== Excerpted data ==
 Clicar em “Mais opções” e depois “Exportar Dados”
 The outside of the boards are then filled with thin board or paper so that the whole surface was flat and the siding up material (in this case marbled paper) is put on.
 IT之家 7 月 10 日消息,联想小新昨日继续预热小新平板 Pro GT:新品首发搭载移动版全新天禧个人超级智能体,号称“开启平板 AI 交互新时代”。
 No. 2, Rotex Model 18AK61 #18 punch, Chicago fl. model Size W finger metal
===
== Excerpted data ==
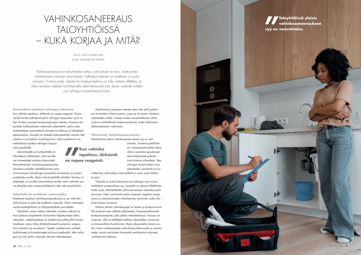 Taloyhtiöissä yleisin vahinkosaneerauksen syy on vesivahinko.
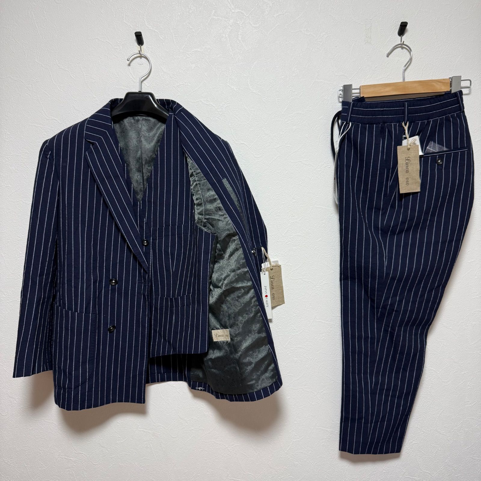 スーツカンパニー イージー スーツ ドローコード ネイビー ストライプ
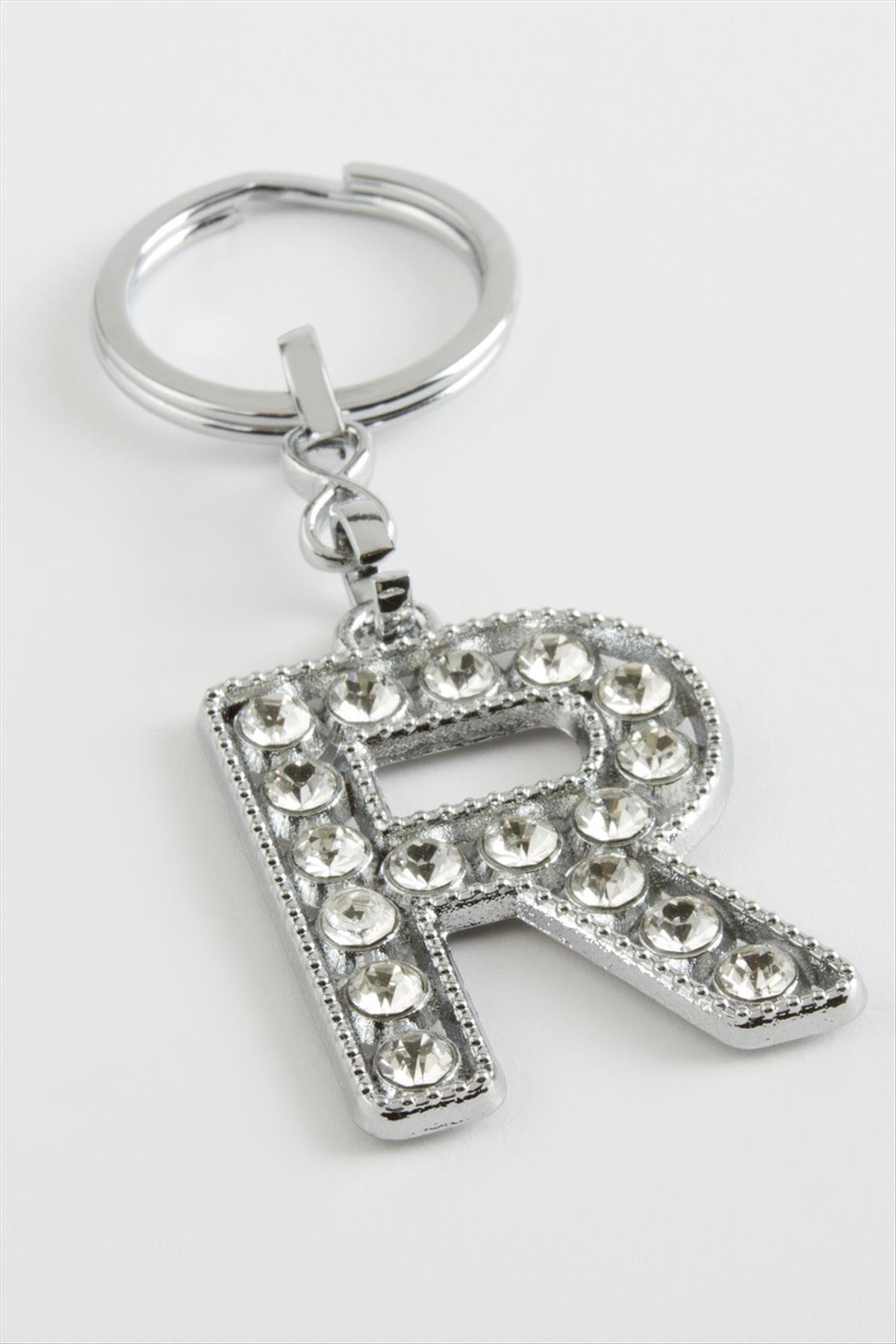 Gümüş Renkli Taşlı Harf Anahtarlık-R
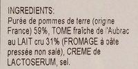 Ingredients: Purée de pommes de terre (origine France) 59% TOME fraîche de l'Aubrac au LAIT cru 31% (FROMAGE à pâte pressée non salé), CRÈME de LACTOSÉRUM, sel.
===
== Excerpted data ==
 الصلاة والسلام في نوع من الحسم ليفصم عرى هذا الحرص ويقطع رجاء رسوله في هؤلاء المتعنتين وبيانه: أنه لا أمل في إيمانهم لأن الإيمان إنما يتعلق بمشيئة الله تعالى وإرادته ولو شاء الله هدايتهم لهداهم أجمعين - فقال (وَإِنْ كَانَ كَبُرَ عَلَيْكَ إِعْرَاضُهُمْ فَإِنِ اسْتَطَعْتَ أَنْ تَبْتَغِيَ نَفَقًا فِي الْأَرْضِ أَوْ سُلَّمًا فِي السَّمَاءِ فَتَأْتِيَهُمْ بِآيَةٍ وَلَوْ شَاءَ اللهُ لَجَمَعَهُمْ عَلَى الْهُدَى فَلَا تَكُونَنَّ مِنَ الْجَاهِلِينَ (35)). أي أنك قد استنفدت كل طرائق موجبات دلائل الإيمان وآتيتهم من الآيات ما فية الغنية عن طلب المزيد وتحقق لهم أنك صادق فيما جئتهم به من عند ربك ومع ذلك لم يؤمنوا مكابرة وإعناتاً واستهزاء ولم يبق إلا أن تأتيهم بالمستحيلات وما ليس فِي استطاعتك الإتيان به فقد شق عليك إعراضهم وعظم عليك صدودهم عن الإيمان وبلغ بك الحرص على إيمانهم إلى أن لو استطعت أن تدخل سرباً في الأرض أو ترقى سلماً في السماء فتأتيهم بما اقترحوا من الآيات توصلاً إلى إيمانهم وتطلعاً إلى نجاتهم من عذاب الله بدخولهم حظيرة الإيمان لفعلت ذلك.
===
• [What you will do]: From the records above, give again only the part that opens with the line containing "スーツカンパニー イージー スーツ ドローコード ネイビー ストライプ" and closes with the line containing "Ingredients: Purée de". Keep both ends but drop the pictures.

• [Answer space]:
 スーツカンパニー イージー スーツ ドローコード ネイビー ストライプ
 Gümüş Renkli Taşlı Harf Anahtarlık-R
 Ingredients: Purée de pommes de terre (origine France) 59% TOME fraîche de l'Aubrac au LAIT cru 31% (FROMAGE à pâte pressée non salé), CRÈME de LACTOSÉRUM, sel.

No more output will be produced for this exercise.